The problem this year, according to Democrats and their allies, was that they could not overcome a sour national mood and a large wave of independent voters that broke for the GOP in the final weeks.
“I think where progressives locked in and invested heavily on the ground, we reached our goals, but it was not enough to compete with the tough political environment and losses among swing voters,” said Greg Speed, president of America Votes, which coordinates the efforts of independent groups on the left.
Republican strategists countered that their ground game was far more effective than the Democratic push, saying it made a crucial difference in tight Senates races such as North Carolina’s and Iowa’s.
A program coordinated by the Republican National Committee resulted in 35 million voter contacts that emphasized high-quality, in-person interactions, party officials said. In at least 11 states, GOP turnout was higher than it was two years ago.
“I can tell you one week when Guy Cecil said they knocked 140,000 doors, and that was their best week — well we did 268 [thousand] that week,” said Ward Baker, the NRSC’s political director.
The GOP Senate committee also tried to boost turnout at the margins in big cities where Democrats tend to dominate, not just in rural and suburban areas, Baker said.
Republicans were aided further by independent conservative groups such as Americans for Prosperity, which put tens of millions of dollars into its own program to reach voters in 19 states.
On the left, the Democratic senatorial committee poured more than $60 million into an 11-state program it dubbed the “Bannock Street” project, which harnessed 80,000 volunteers nationally who knocked on more than 10.2 million doors.
Party strategists said they saw evidence of the program’s impact in places such as Colorado, where GOP turnout beat Democratic turnout by nearly seven percentage points in 2010. This year, Democrats said, the Republican edge narrowed to five points in initial ballot returns and is expected to shrink further when all votes are tallied.
Despite that, Republican Cory Gardner beat Democratic incumbent U.S. Sen. Mark Udall. Cecil, of the Democratic senatorial committee, said the loss was due to the large number of independents who backed the GOP candidate. Democratic Party operatives also believe their turnout efforts helped Gov. John Hickenlooper (D) fend off a challenge from Republican Bob Beauprez.

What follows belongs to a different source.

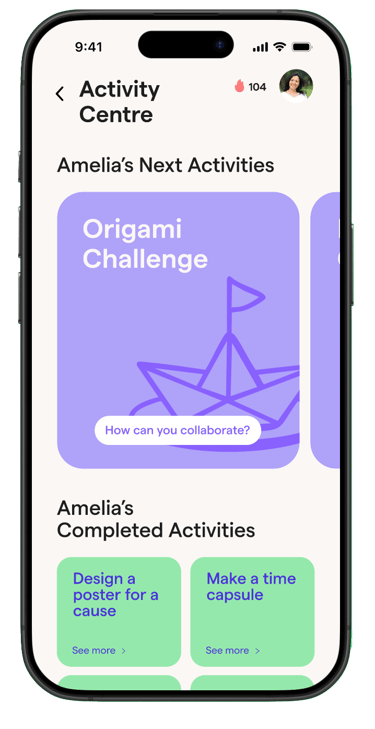 The parent app, like the student version, allows the user to view activity suggestions for the child to do (with or without their parent) to continue to nurture their interests outside of school.
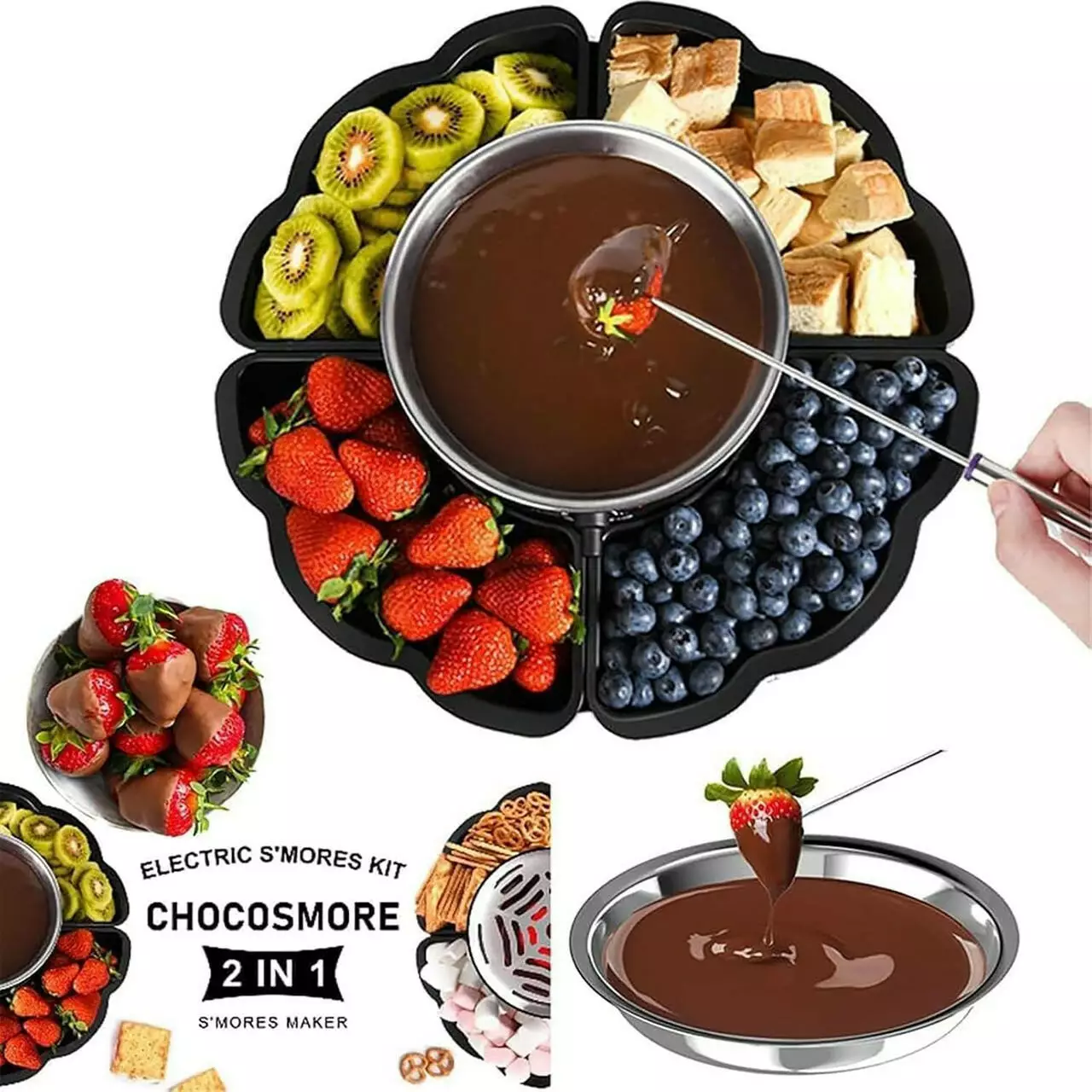 Набір для фондю 2в1 фондюшниця електрична для підігріву шоколаду і смаження зефіру, для десертів шоколадниця з аксесуарами

In New Hampshire, Democrats believe canvassing efforts on the left helped save Sen. Jeanne Shaheen (D). Exit polls showed the state’s electorate was four percentage points more Democratic on Tuesday than in 2010.
In North Carolina — where 2.92 million voters cast ballots, a record for a midterm election — African Americans expanded their share of the electorate by two points over their 2010 figure, according to exit polls. Turnout in the largest Democratic counties, Wake and Mecklenberg, was up 16 percent over 2010, compared with 7 percent statewide.
Even so, U.S. Sen. Kay Hagan (D) was beaten by state representative Thom Tillis (R).
Cecil said he has no regrets that the party devoted so much money to its ground effort, saying the results underscored the need to operate permanent field programs.
“The only thing that would be disappointing to me would be if Democrats learned the wrong lesson — that we shouldn’t be investing in knocking on doors and calling our neighbors and asking people to turn out,” Cecil said. “We can’t wait until the midterms approach to invest in these states.”
Juliet Eilperin contributed to this report.